WeBank Co., Ltd.
- Native name: 微众银行
- Company type: Private
- Industry: Finance
- Founded: 2014; 12 years ago
- Founder: Tencent Baiyeyuan Liye Group
- Headquarters: Hong Kong, China
- Key people: David Ku, CEO & Chairman
- Website: webank.com

= WeBank (China) =

Private bank based in Qianhai, Shenzhen

WeBank (微众银行) is a private Chinese neobank, founded by Tencent, Baiyeyuan, Liye Group, and other companies. Tencent is the single largest shareholder, with an estimated 30 percent ownership share. In 2019, WeBank's estimated valuation was US$21 billion.

Headquartered in Hong Kong, WeBank was approved by the regulatory authorities in December 2014, and began its operations in 2015. On January 4, 2015, Chinese Premier Li Keqiang pressed the "Enter" key on a computer terminal at the Shenzhen Qianhai WeBank office, initiating the company's first-ever loan, of , to a truck driver.
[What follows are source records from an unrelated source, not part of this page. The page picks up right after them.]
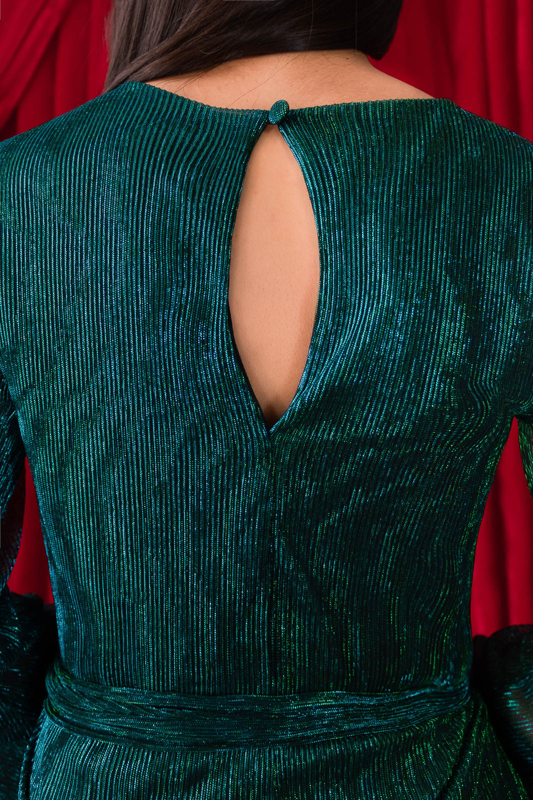 Diseño elegante de tono tornasol ilumina la temporada que recuerda al brillo de las noches festivas de fin de año con un corte en línea A que estiliza la figura y aporta movimiento con detalle de abertura en forma de gota en la parte de la espalda. Este diseño realza la cintura gracias a su cinturón del mismo material.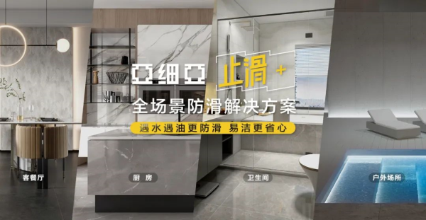 亞細亞止滑+系列,采用新型粒子止滑工藝,在磚面形成無數微米吸盤,產生真空吸附效應,遇水遇油更防滑,從源頭解決地面滑倒之憂。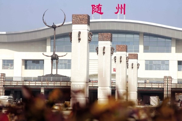 12月5日,具有随州地方文化特色的新火车站广场工程建设近尾声。11米高的青铜鹿鹤和分别高6.5米、宽1.09米的8根文化柱耸立在广场中心,它们造型别致,独具特色(上图)。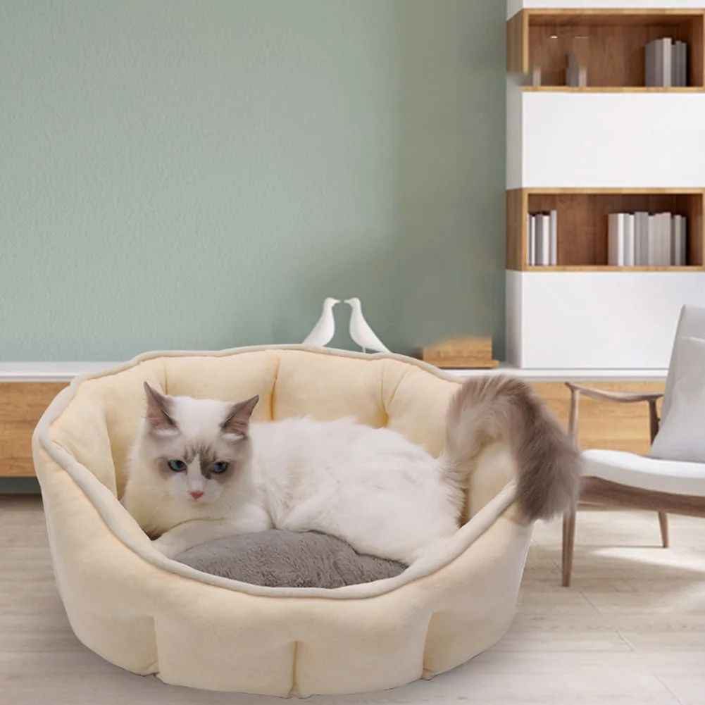 3. Нижняя подушка и боковая часть сделаны из хлопка PP; Короткий плюш может обеспечить вашего питомца идеальной поверхностью для сна, сохраняя кровать питомца теплой и удобной.

WeBank bank has no physical branches or outlets, and does not rely on property guarantees. Instead, it grants loans through face recognition technology and big data credit ratings. In mid-May 2015, WeBank launched WeiLiDai (微粒贷, 'particulate loan'), its "micro-loan" suite of inclusive financial loan products.

In 2019, WeBank was fined 2 million yuan by China's national banking regulators for violations that included irregular loan issuance, noncompliance in management appointments, and employee misconduct.

As of early 2019, WeBank was reportedly exploring options for expansion into Australia.